As shown in fig. 7, the method includes:
step S710: the method comprises the steps of obtaining a pre-disaster image and a post-disaster image of a target area, and inputting the pre-disaster image and the post-disaster image into a pre-trained building damage recognition model to obtain a building damage recognition result corresponding to the target area.
The specific implementation process of this step may refer to the description of the corresponding part in the first embodiment, and this embodiment is not described herein.
Step S720: and acquiring the policy data, matching the policy data with the building damage identification result, and generating a claim settlement plan according to the matching result.
The embodiment can apply the building damage recognition result to the insurance claim scene, specifically, after obtaining the building damage recognition result, further extracting the preset type of policy data in the system. The preset type of policy data is a building related policy of the applied insurance standard, such as a major disaster property policy, etc.
And further matching the extracted policy data with a building damage identification result, wherein in the matching process, the position of the insurance target (building targets such as houses and workshops) in each policy data can be matched with the building damage identification result, so that the policy to be subjected to the claim settlement, the claim amount of the policy and the like are determined. And then generates a claims plan.
In addition, the building damage recognition result can be applied to post-disaster rescue and post-disaster reconstruction scenes, for example, rescue grades corresponding to different areas can be generated according to the building damage recognition result, wherein the higher the damage degree is, the higher the rescue grade is.

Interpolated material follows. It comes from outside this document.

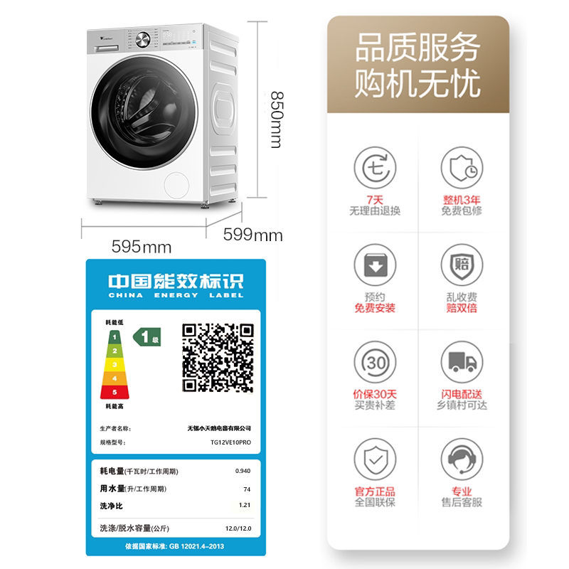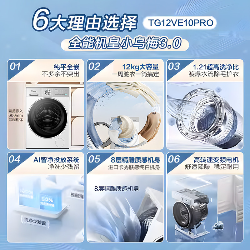 [政府补贴]纯平全嵌小天鹅小乌梅3.0洗衣机轻奢12KG滚筒家用VE10

Therefore, the embodiment can apply the building damage recognition result to the insurance claim scene, so that the claim settlement plan is automatically generated according to the matching result of the policy data and the building damage recognition result, thereby improving the claim settlement efficiency and being beneficial to the insurance person (company) to carry out fund distribution and the like.
Example IV
Fig. 8 is a schematic functional structure diagram of a building damage recognition device based on machine learning according to a fourth embodiment of the present invention. As shown in fig. 8, the apparatus includes: a data acquisition module 81, an input module 82 and a model prediction module 83.
The data acquisition module is suitable for acquiring a pre-disaster image and a post-disaster image of the target area;
the input module is suitable for inputting the pre-disaster image and the post-disaster image into a pre-trained building damage recognition model;
the model prediction module is suitable for inputting the pre-disaster image and the post-disaster image into a first sub-network in a pre-trained building damage identification model; respectively inputting the output result of the first subnetwork into a pre-disaster subnetwork and a post-disaster subnetwork in the building damage identification model; inputting the output result of the pre-disaster subnetwork and the post-disaster subnetwork to a second subnetwork in the building damage identification model; and generating a building damage identification result corresponding to the target area according to the output result of the second sub-network.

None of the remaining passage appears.